Are you noticing sudden changes in your body – both mental and physical wise during your pregnancy? Are you moody often? Do you have sudden weight gain or loss? Then, it may be the Thyroid! Thyroid during pregnancy is among the most common condition for most women. The two thyroid diseases – hypo and Hyperthyroidism are quite widespread and easy to treat and regulate.
If you are suffering from thyroid hormone during pregnancy, want to know all about how it works, how to take care, dialogize, prevent and treat the hormone, and keep reading!
What Is Thyroid, And How Does The Thyroid Hormone Affect Pregnancy?
Popularly known as thyroid hormone disorder, the diseases here include Hypothyroidism and Hyperthyroidism. They are quite common and regularly found in pregnant women. The Thyroid is an organ that regulates one’s metabolism, nervous system, and heart and is located on the neck.
While studies say that around five or more per cent of women commonly acquire thyroid disease during pregnancy (1), the right and controlled or balanced hormone is required for a healthy mother and fetus. Given that the baby relies on the perfect hormones for brain and nervous development, the fetus’s thyroid gland may be affected by the mother’s abnormal thyroid levels.
But why do pregnant mothers often see a rise in their thyroid levels? The two pregnancy hormones, estrogen, and human chorionic gonadotropin (hCG), often contribute to abnormal levels. It is suggested that one regularly conduct the tests to determine if the condition exists for the mother-to-be. Left untreated, several difficulties may occur, such as placental abruption, miscarriage, growth restriction, and more (2).
Let us know all about the types of Thyroid in a pregnant woman that may occur and how to manage them.
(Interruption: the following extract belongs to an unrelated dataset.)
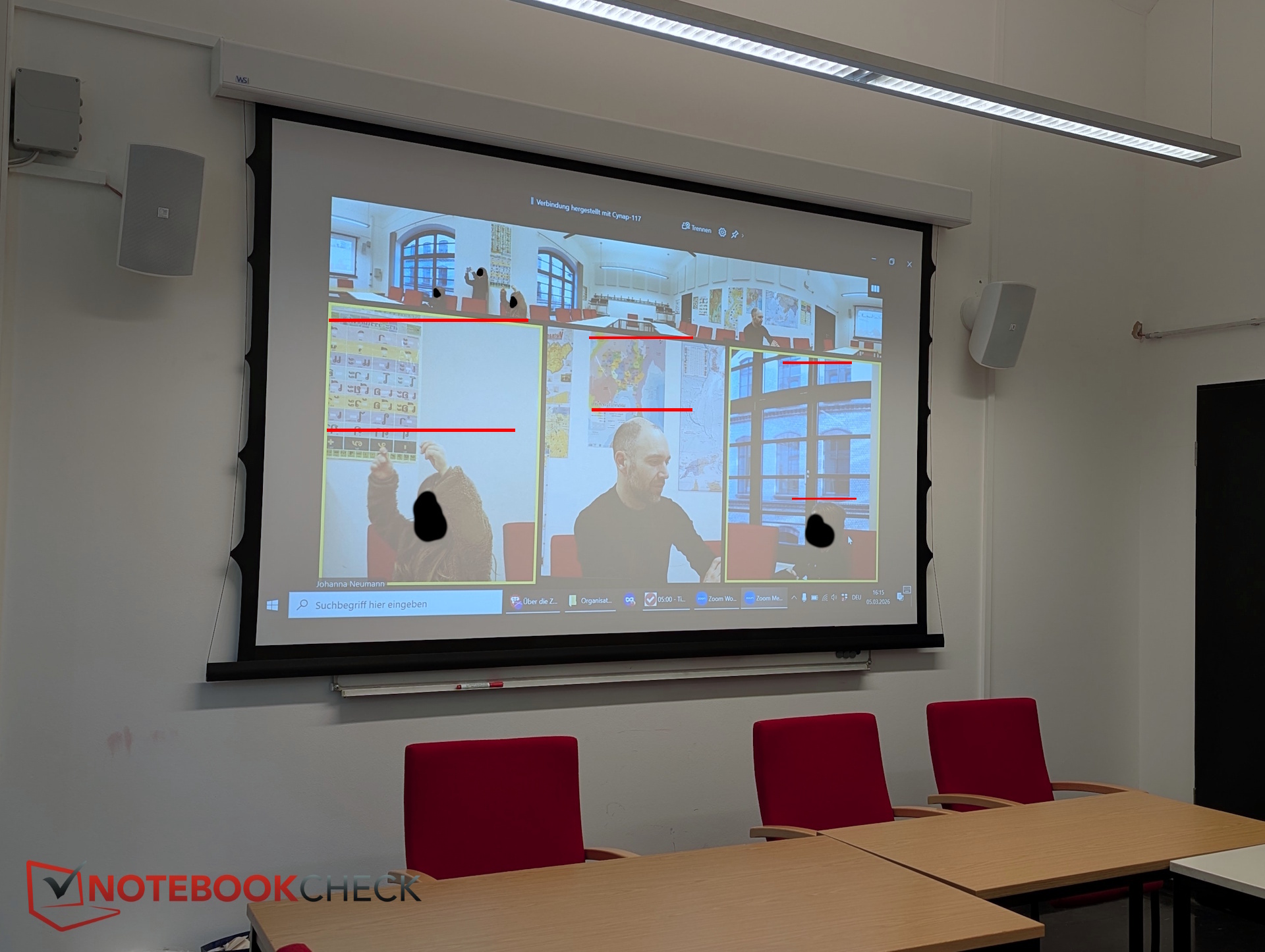 Bei wenig Licht (dunkleres Zimmer, s.o.) wirkt die Darstellung dann schnell verwaschen. Die Lichtsituation dürfte in Konferenzräumen aber kein Problem darstellen.

What Are The Main Types Of Thyroid Conditions In Pregnancy?
As mentioned earlier, there are two types of main pregnancy time thyroid conditions. Here are two types of thyroid disorders, commonly known (3).
In Hypothyroidism, also known as underactive Thyroid, the adult’s thyroid hormone is deficient. It is also known as Hashimoto’s disease or autoimmune disorder, which may cause inflammation of the thyroid gland. Here, the thyroid gland is not producing enough hormones required. It is often affected mostly by women who are already diagnosed with the disease in the past or even for those who have a family history of experiencing the condition.
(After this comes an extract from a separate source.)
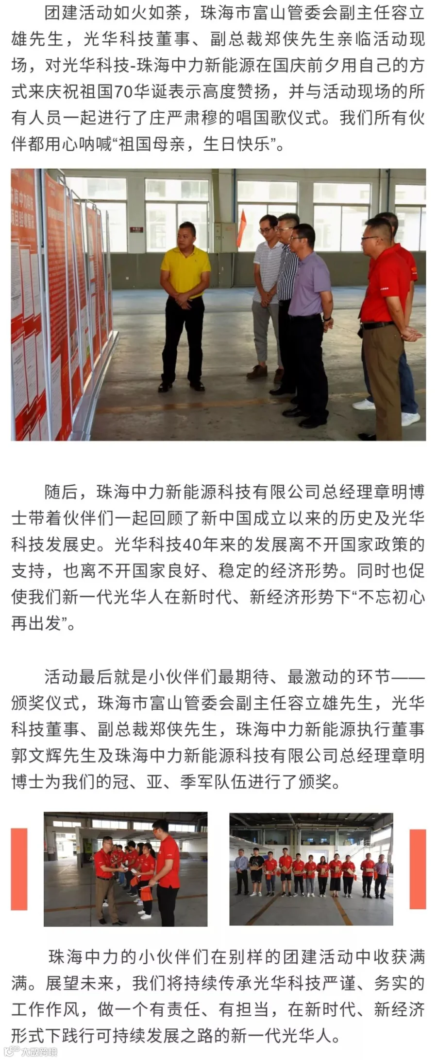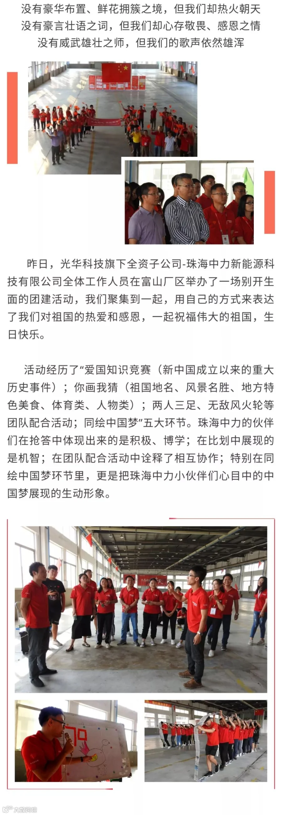 导读:“祝伟大的祖国,生日快乐”——光华科技-珠海中力新能源举行别样团建活动

Hyperthyroidism is having an overactive thyroid gland. Here, the gland is producing more Thyroid than required for the body and metabolism. Henceforth, this condition speeds up the metabolism of the body. It is also called Grave’s disease in expecting mothers-to-be, or during pregnancy.
Let us now know all about Thyroid for pregnant ladies, how to diagnose them, causes, and treatment.
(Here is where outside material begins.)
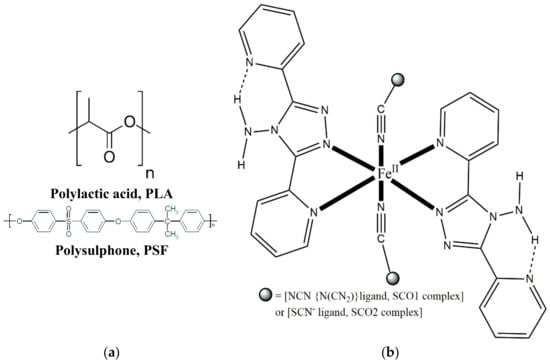 (a) Schematic representation of the chemical structures of polylactic acid (PLA) and polysulphone (PSF); (b) schematic representation of the structural formulae of the octahedral SCO complexes SCO1 and SCO2 (SCO1 is [Fe{N(CN)2}2(abpt)2] and SCO2 is [Fe(SCN)2(abpt)2]).

Hypothyroidism In Pregnancy:
As we have seen, the case of Hypothyroidism in the pregnant mother is where the body does not produce enough or required hormones. This may cause sluggishness, slow mental and physical fitness functioning, and overall health. This may have several causes and effects, and the symptoms quite range differently for several women according to their body changes. The reasons, symptoms, and diagnosis treatment for Hypothyroidism in pregnancy include (4),
The most common and frequent reason for Thyroid during pregnancy(Hypothyroidism) is Hashimoto’s disease. This autoimmune disorder causes the immune system to attack and make antibodies fighting against the thyroid gland.
Another common cause of Hypothyroidism is also due to heavy medication or treatment for the overactive thyroid gland. Those who have a family history or previous thyroid gland disorder often can cause the condition again.
Although the symptoms may not be the same for all pregnant ladies, the most common ones for thyroid disorder during pregnancy includes,
- Tiredness and lack of body energy
- Closing eyelids
- Weight gain or heavyweight changes
- Swollen face
- Joint pain
- Dry or coarse skin and hair
- Muscle cramps
- Slow pulse concerns
- Pains near hands
- Anxiety and confusion
The symptoms listed above may not show immediately and is hard to notice sometimes. Most ladies and pregnant mothers miss out on the early stages of thyroid disease, given no record or symptoms spotted.
Effect Of Hypothyroidism On Pregnant Lady And Baby:
Hypothyroidism may have several adverse effects on the pregnant mother. If not diagnosed or treated on time, these thyroid and pregnancy complications include miscarriage, muscle pain and extreme weakness, congestive heart failure, placental abnormalities, pre-eclampsia, and postpartum hemorrhage or bleeding. These thyroid problems in pregnancy may increase if there is a severe hypothyroidism issue.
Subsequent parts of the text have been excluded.